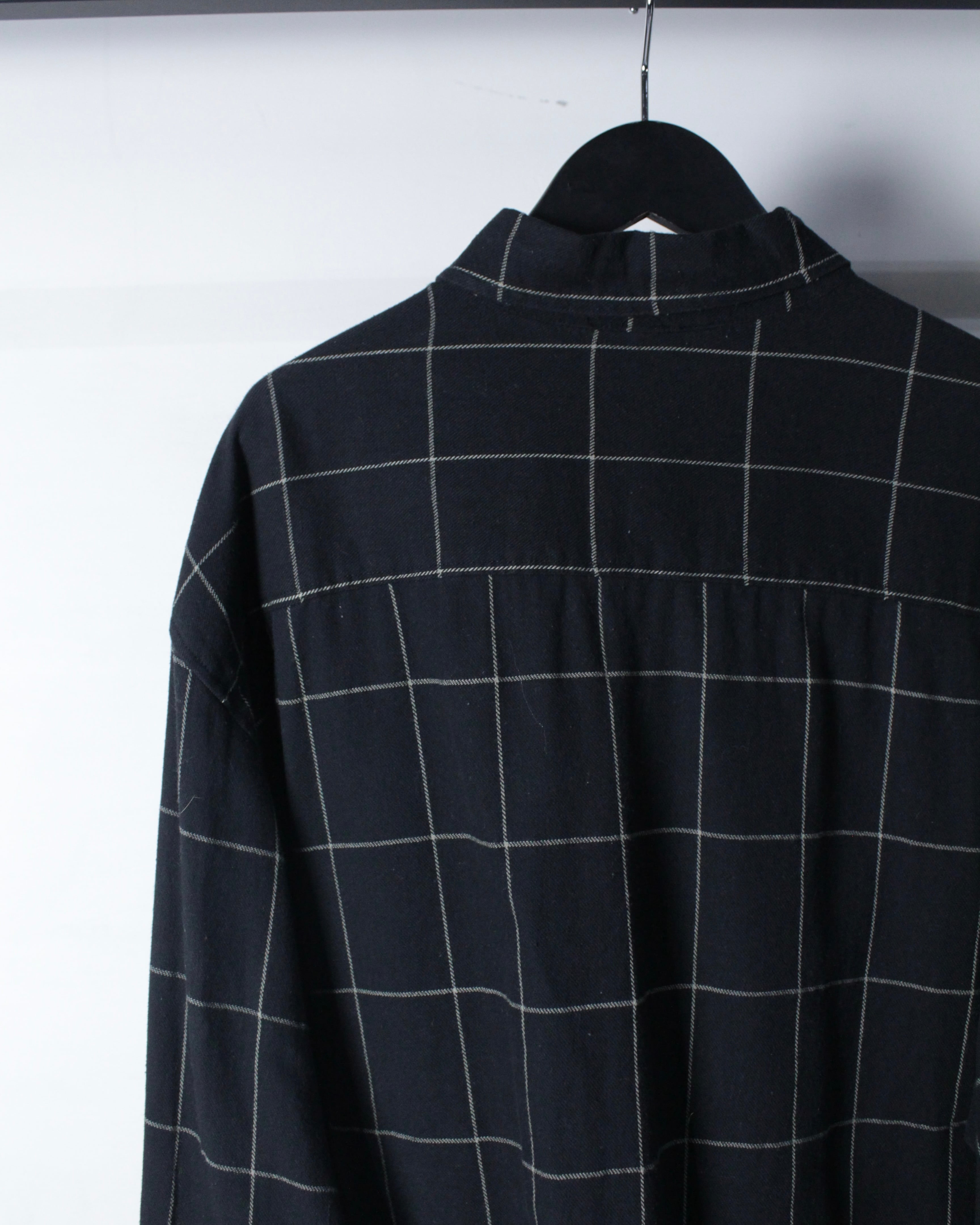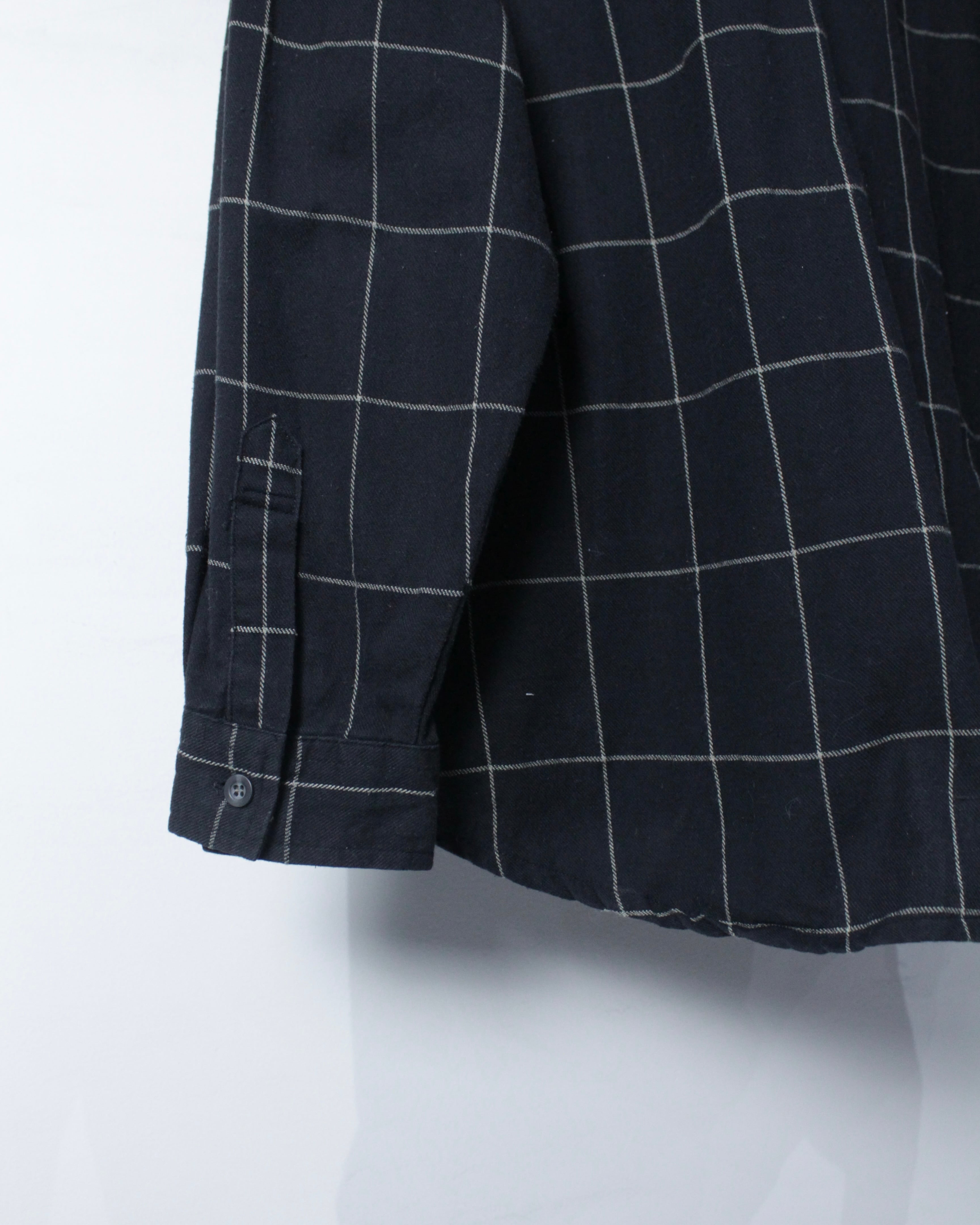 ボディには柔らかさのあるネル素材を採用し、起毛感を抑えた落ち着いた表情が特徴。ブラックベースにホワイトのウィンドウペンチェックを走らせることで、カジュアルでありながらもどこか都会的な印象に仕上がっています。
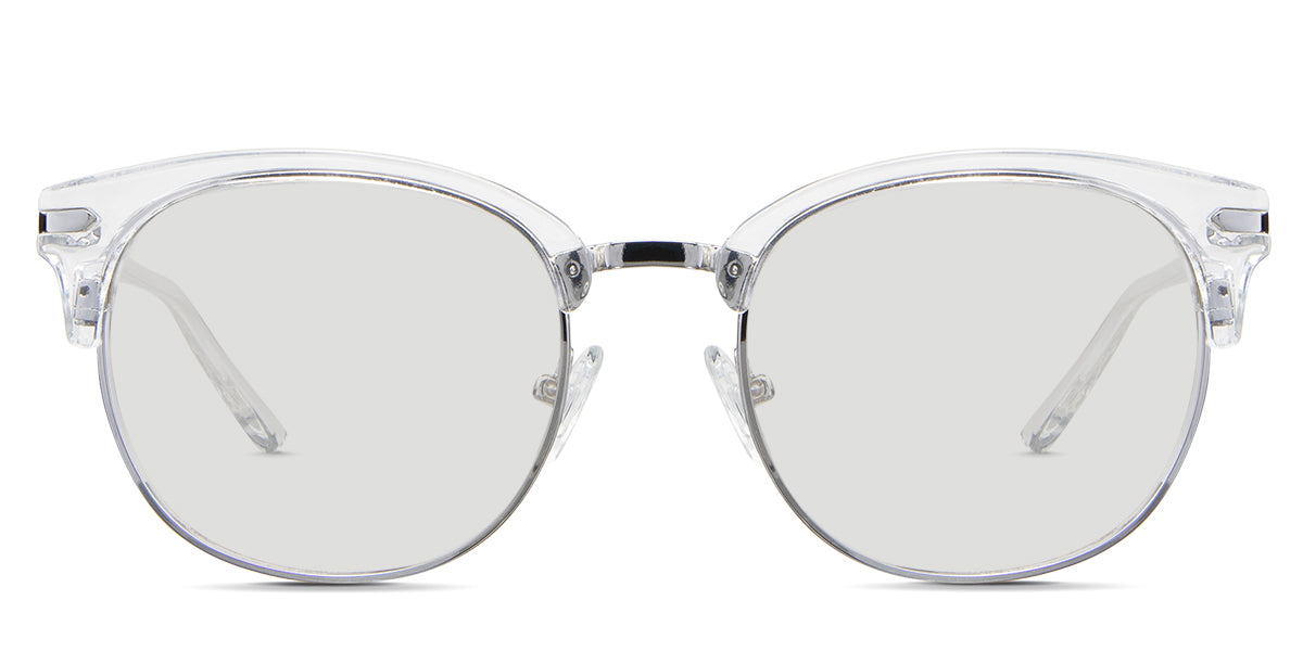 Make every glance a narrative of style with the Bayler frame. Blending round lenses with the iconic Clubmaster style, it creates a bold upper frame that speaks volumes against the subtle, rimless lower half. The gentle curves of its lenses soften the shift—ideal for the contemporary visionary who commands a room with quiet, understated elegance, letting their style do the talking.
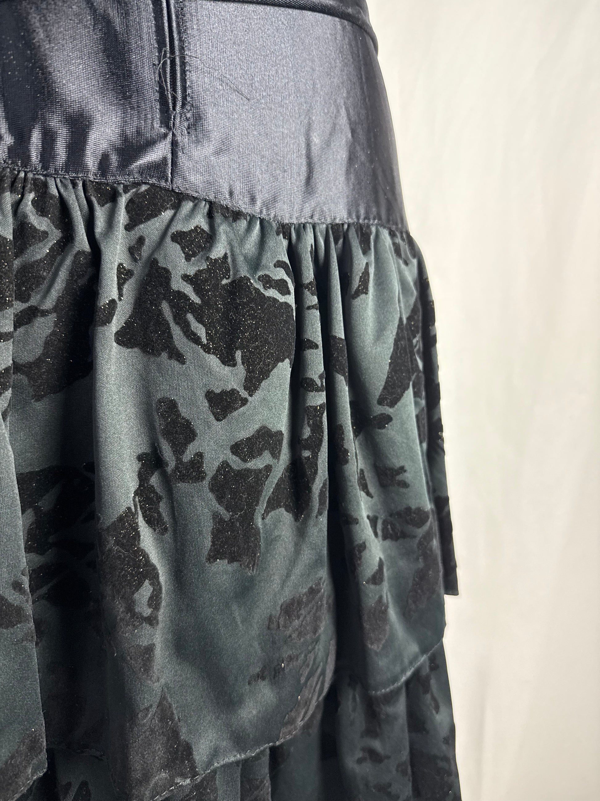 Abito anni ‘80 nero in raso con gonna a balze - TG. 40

◇ ◇ ◇ ◇ ◇

- _WORK ORDER_
Print all the lines above again exactly, without any pictures.

- _WRITTEN SOLUTION_
 ボディには柔らかさのあるネル素材を採用し、起毛感を抑えた落ち着いた表情が特徴。ブラックベースにホワイトのウィンドウペンチェックを走らせることで、カジュアルでありながらもどこか都会的な印象に仕上がっています。
 Make every glance a narrative of style with the Bayler frame. Blending round lenses with the iconic Clubmaster style, it creates a bold upper frame that speaks volumes against the subtle, rimless lower half. The gentle curves of its lenses soften the shift—ideal for the contemporary visionary who commands a room with quiet, understated elegance, letting their style do the talking.
 Abito anni ‘80 nero in raso con gonna a balze - TG. 40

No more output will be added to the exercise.